TASK TO COMPLETE
Output nothing except the lines from the one containing "Chalcedony and Rose" through the final line of the data, both included, typed exactly, minus the pictures.

DATA PROVIDED
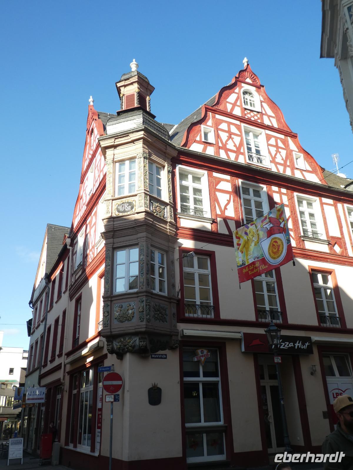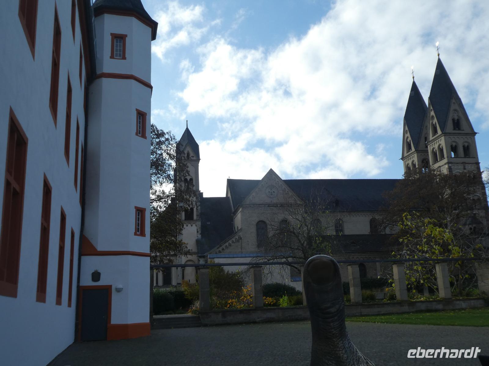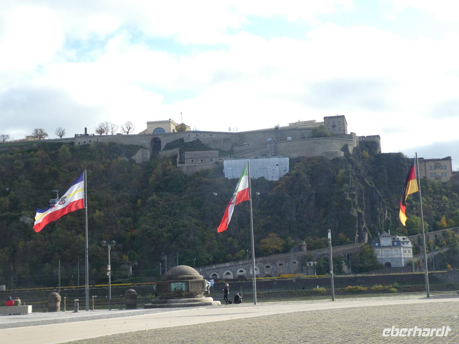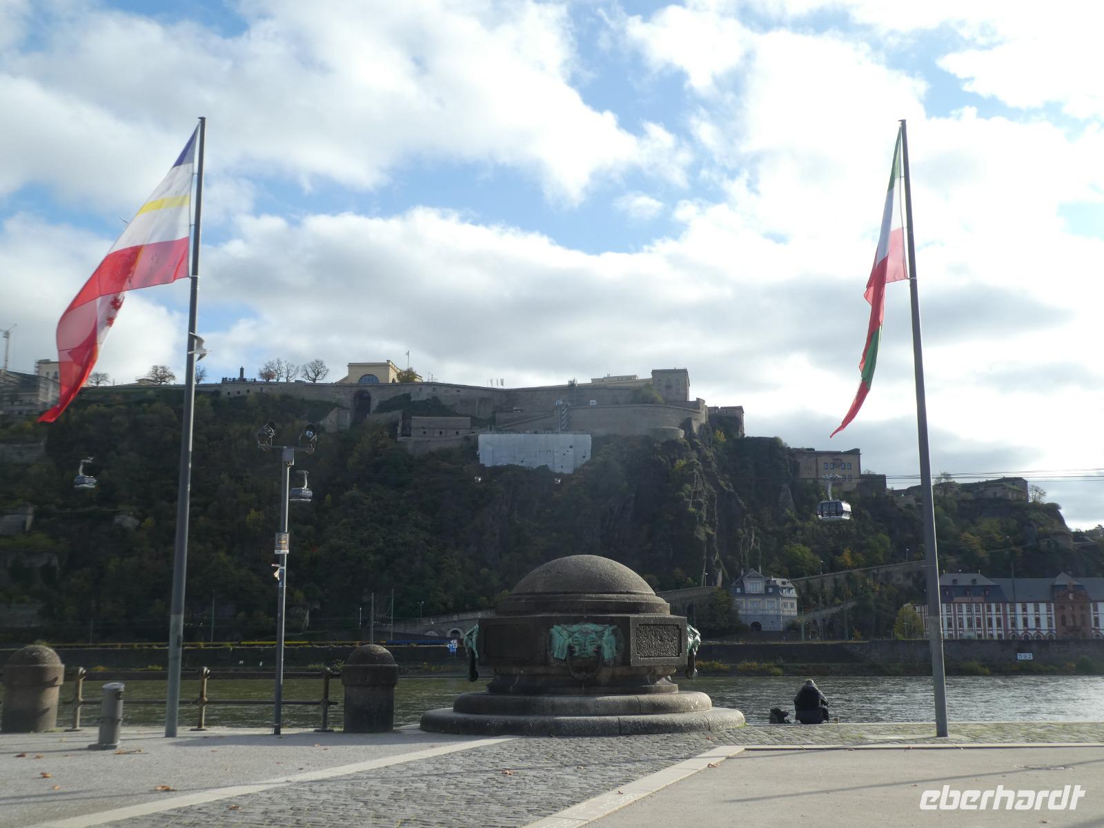 Gegen Mittag erreichten wir Koblenz am Deutschen Eck. Unser Schiff lag an der Mosel und so hatten wir einen schönen Blick auf die Festung Ehrenbreitstein. Sie ist nach der Festung Königstein die zweitgrößte Festung Europas. Mit der Seilbahn schwebten wir hinauf zur Festung. Sie wurde anlässlich der BUGA 2011 gebaut. Von dem Festungsplateau konnte man die schöne Sicht auf Koblenz und das Deutsche Eck mit dem Kaiser Wilhelm Denkmal genießen. An Hand der farblichen Abtrennung war genau zu sehen wo die Mosel sich mit dem Rhein verbindet. Wieder an der Rheinpromenade angelangt begann die Stadtführung durch die Altstadt. Die Basilika St. Kastor ist die älteste der Stadt. Auf dem Görresplatz bewunderten wir den Brunnen mit der Historiensäule wo die Geschichte Koblenz erläutert wird. Wir spazierten weiter zum Rathausplatz. Im Hof des Rathauses steht der Schängelbrunnen. Die Stadtführerin erzählte die Geschichte des Wahrzeichens der Stadt. Auf einem Sockel steht der Bub und spuckt aller paar Minuten einen Wasserstrahl. Noch einen Abstecher zum Danzhaus und ein Blick auf den Augenroller und schon hatten wir das Schiff wieder erreicht. In der Nacht lag das Schiff in Koblenz und so war ein abendlicher Spaziergang möglich um Koblenz bei Nacht kennen zu lernen.
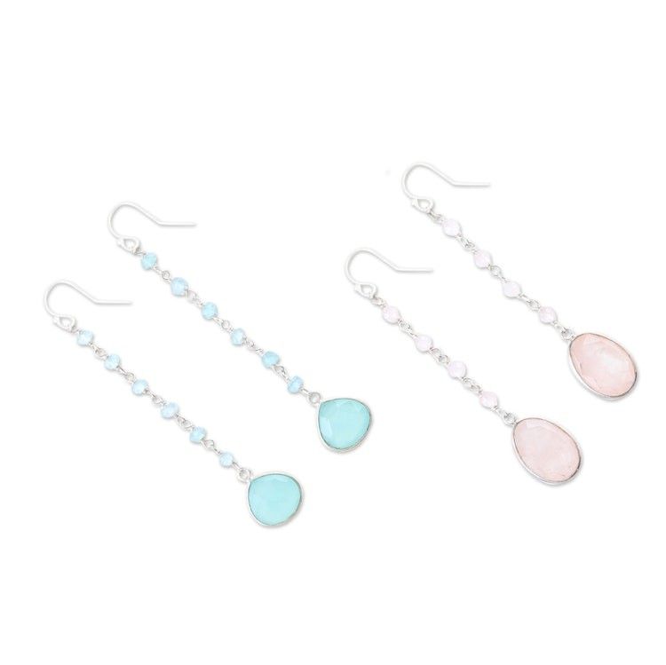 Chalcedony and Rose Quartz Dangle Earrings Set of 2 'Paradise of Blessings' Item ID: 2671786842
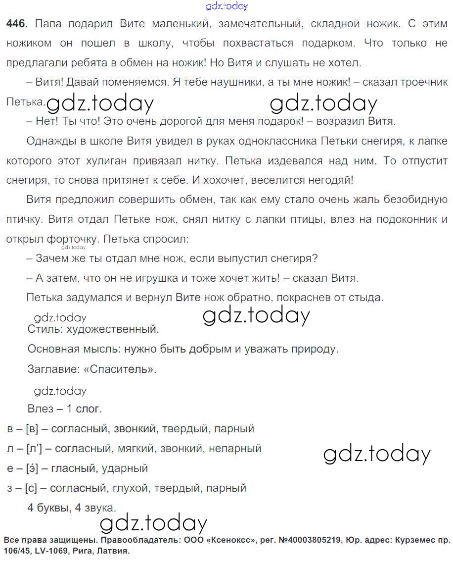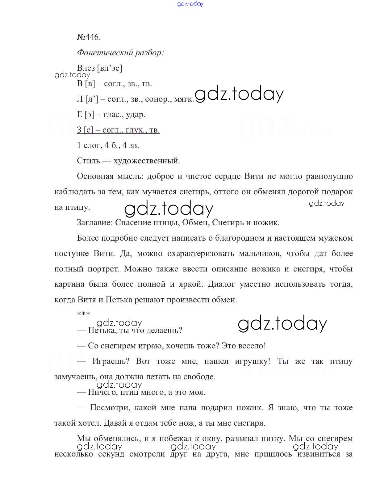 На страницах сайта gdz.today вы найдете учебный и вспомогательный материал, направленный на улучшения знаний школьной программы. ГДЗ - онлайн мир знаний Решение к упражнениям 446 Учебнику по Русскому языку для 7 класса Баранов, Ладыженская Просвещение УМК 2015

ANSWER TO THIS PROBLEM
 Chalcedony and Rose Quartz Dangle Earrings Set of 2 'Paradise of Blessings' Item ID: 2671786842
 На страницах сайта gdz.today вы найдете учебный и вспомогательный материал, направленный на улучшения знаний школьной программы. ГДЗ - онлайн мир знаний Решение к упражнениям 446 Учебнику по Русскому языку для 7 класса Баранов, Ладыженская Просвещение УМК 2015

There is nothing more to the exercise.